All the features in the book make for a comprehensive book for the general public: the stories of clients in the therapeutic process, Hilary’s sharing of her own process, her understanding of the science of emotions and defenses, attachment and trauma, the illustrations of the Change Triangle, and the “experiments” in the self-help inventories. It’s Not Always Depression is a welcome addition to books we suggest to clients and other lay people who express interest.

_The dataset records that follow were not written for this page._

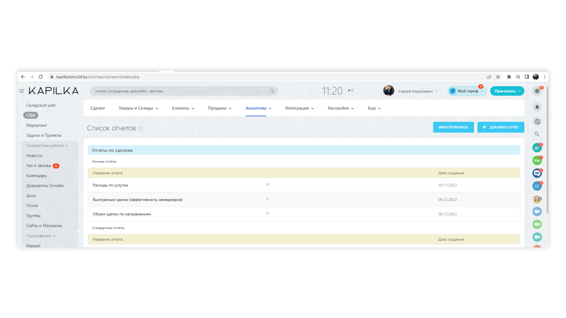 Создали и настроили аналитические отчеты для руководителей и сотрудников. В результате руководитель может оценить рост продаж, эффективность менеджеров, вклад в продажи каждого сотрудника. Менеджер по продажам может оценить процент выполнения плана продаж, проанализировать товарную матрицу на предмет самых продаваемых товаров.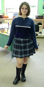 We're not quite sure which teacher Vicky is dressed up as. However, we suspect she is in for a lot more math homework in the near future.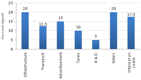 The bar graph given below shows the percentage distribution of the total expenditures of a company under various expense heads during 2003.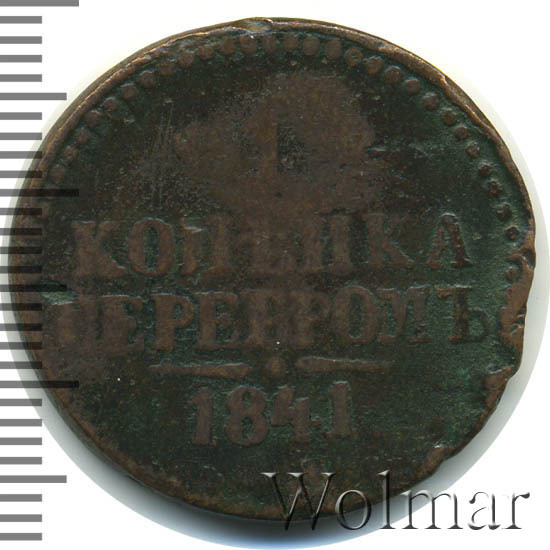 Аверс монеты 1 копейка 1841 года ЕМ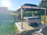 The backyard offers a fenced in yard, hot tub, picnic table, fire pit and a park grill.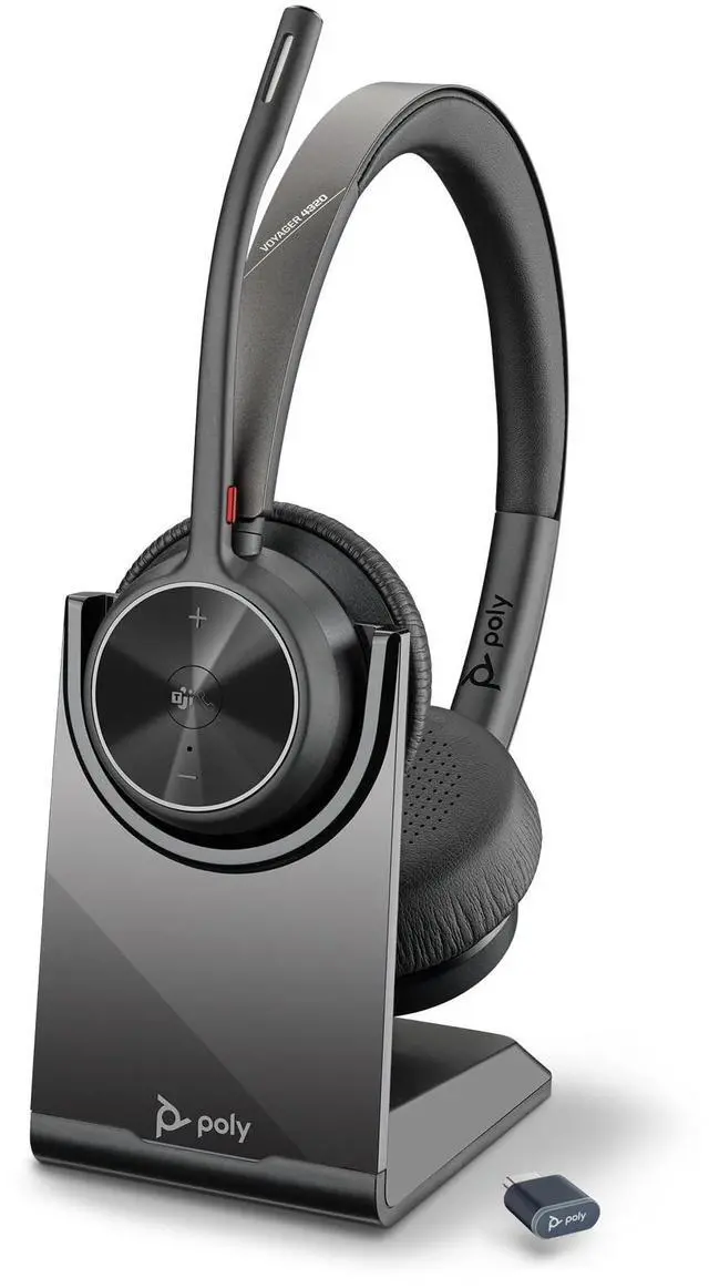 Free yourself from your desk with the Voyager 4320 UC Bluetooth over-the-head stereo headsetperfect for professionals who need to connect and stay productive at the office, home, or both. The Voyager 4320 Bluetooth headset lets you connect to your PC/Mac and move freely throughout your home or office up to a 164 feet (50 meters) range with the included BT700 USB-C Bluetooth adapter (or connect via USB-A using included USB-C to USB-A adapter) and/or connect to a mobile phone using Bluetooth 5.2. You can even use your headset corded using audio-over-USB mode. And, with up to 24 hours of talk time (plus included desktop charging stand, )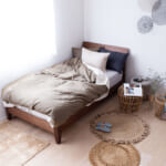 マットレスにかけるシーツはパリッとした素材だとサイズが違うのが少し目立つかもしれませんが、柔らかなリネンやコットンのものをお選びいただければ自然にお使いいただけます。

A bonus of the book is the foreword by Diana Fosha, who writes an accessible overview of all the components of AEDP—privileging positive emotions, transformational affects, transformational experiences and transformational spirals, metaprocessing and core state. I imagine that the foreword itself would be an excellent place for clients to start in understanding AEDP therapy.
In summary, perhaps most important in creating and sustaining the reader’s interest is that Hilary in her book embodies AEDP. Readers can trust her to take their own risks to free up core emotion, to do the work of using the tools such as the Change Triangle and the other worksheets, toward one’s authentic self and openhearted state. Hilary describes emotional expression in a way that seems like it should be so simple for us humans. She puts all this in clear language, and yet under this simplicity and clarity is Hilary’s own life inquiry, study and practice.